Dad reached out to us a couple times. One day back in my sophomore year of high school he showed up in a brand new PT Cruiser and took us for a ride downtown. I still remember the music he played in the car — a cassette of Wyclef’s The Eleftic. My brother and I acted like Dad was the motherfucken man that weekend. (Sorry, Mom.) We hoped life would return to what it never was but should’ve been. But when it didn’t, and Dad vanished again, we didn’t even wonder why. We just took it, like we took everything.
The next time Dad reached out, college was kicking my ass (not the classes of course, just the rest of it). By then my resentment toward him dominated my feelings toward him. He became nothing more than a distraction and someone undeserving of any kindness, especially from me. That my brother and sister still seemed willing to engage him annoyed the crap out of me. They’re young, I told myself. They don’t remember what he is.
That feeling, that hatred toward my own father — which is the most corrosive kind of hatred, to despise your own origins, your own past — that lasted till last month. See, in the run-up to my big move to Vegas in July, I’ve been making a list of all the loose ends in Chicago that need sorting before I dip. My partner and I are looking for a new beginning out in that God-forsaken desert, and I can’t have any of this baggage weighing me down out West. A big move like that, for someone who’s never done it before, sort of feels like dying; this me is coming to an end, and hopefully there’s a new me waiting to be born that side of the Rockies. So I’m saying my goodbyes, and asking forgiveness.
But then there’s Confucius and his stupid-beautiful advice about not doing to other people what you wouldn’t want done to yourself. So if I’m looking to receive forgiveness for all the terrible shit I’ve done, I have to be willing to hand out a bit of forgiveness to those seeking it from me. Still, I’m not about to do something just because some ancient Chinese guy says so. Confucius never met me, or my father, because if he had he might’ve never uttered that stupid-beautiful rule.
Let me think this through then. Excuse me.
Does Dad deserve forgiveness? Probably. Jesus was obsessed with it. Does he deserve my forgiveness? Fuck no! Why not? Because he beat the shit out of Mom and us and pawned all our stuff. And? And he abandoned us. He chose that shit over us. But he’s an addict.
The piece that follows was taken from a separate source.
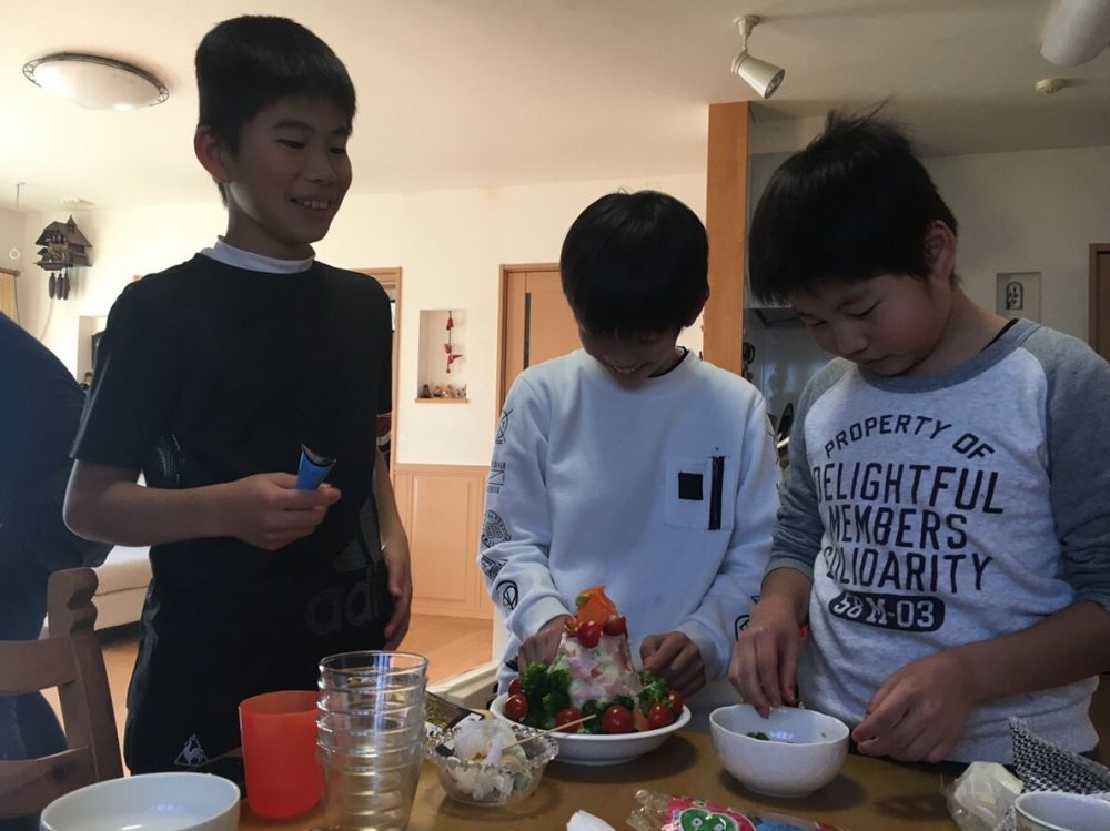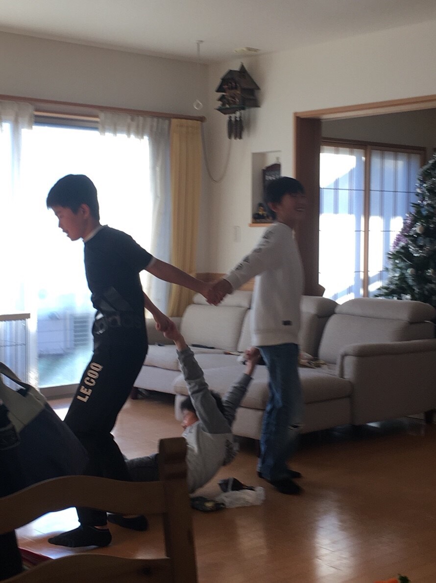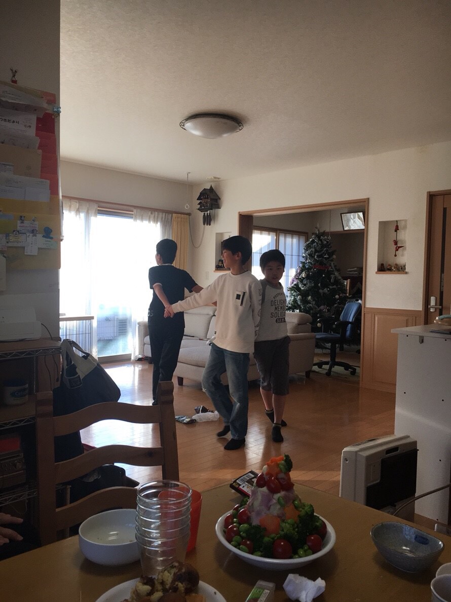 友達と賑やかにプレゼント交換やスイーツ作りなどをした後、ジェーボード、鬼ごっこ、とにかくじっとできないお年頃^^;

So! He chose to be an addict instead of being a good father, even though he had good kids. You know no one chooses to be an addict. You should know, you almost became an alchie yourself. Yea, yea. But I didn’t, right? I found purpose, set my sights on a few goals, and pulled myself up. Not everyone can do that. Not everyone’s so lucky. It wasn’t luck. It was will — I refuse to be him. Your dad needs you. He needs your love. Does he deserve to die alone for what he did or didn’t do? Did I deserve to grow up without a father? Does any boy? No. But if you’re over it like you say you are, if you really aren’t mad at him anymore, then what does it cost you to forgive him, to be his son again? Just shut up already. What happened happened; it’s in the past. You can’t control the past. But you can decide what the future will be. ….
Where was I? Right here, I guess.
I forgive you, Dad. I forgive you more than I can bear. I even love you, a lot. I love the parts of me that are you, just as I love the parts of Chris that are you. Why did you leave us? Why did you leave Mom to carry that weight by herself? That was so fucked up. Especially for Brittany. She was so little. Still, I forgive you, for me and for you. Are you proud of me? You never taught me how to be a man, but I think I’ve done a pretty good job figuring it out myself, just like you figured out that VCR. That’s what I did — I took myself apart and put myself back together again. Or you took me apart rather, left me broken. Now look at me! I have dreams, I’m in love, real love, the way you should’ve loved Mom but didn’t know how. I’m not rubbing anything in your face, but it’s gotta make a man happy to see his own son surpass him in something. Aren’t you proud of me? Are you proud of Chris and Brittany too? You should be. Brittany’s disgustingly sweet, and a good wife and sister. And Chris is the best father in the world. Are you proud of him?
It’s strange the way life mirrors itself sometimes: Dad was a little older than I am now when things fell apart, and here I am trying to put my family back together again. I don’t think I’m a better man than my father, not anymore. We’re just two men wandering the world with this joyful-painful history between us. He lost his handle on life for a moment, and in that moment we lost everything we should’ve had. I’m not mad, just sad.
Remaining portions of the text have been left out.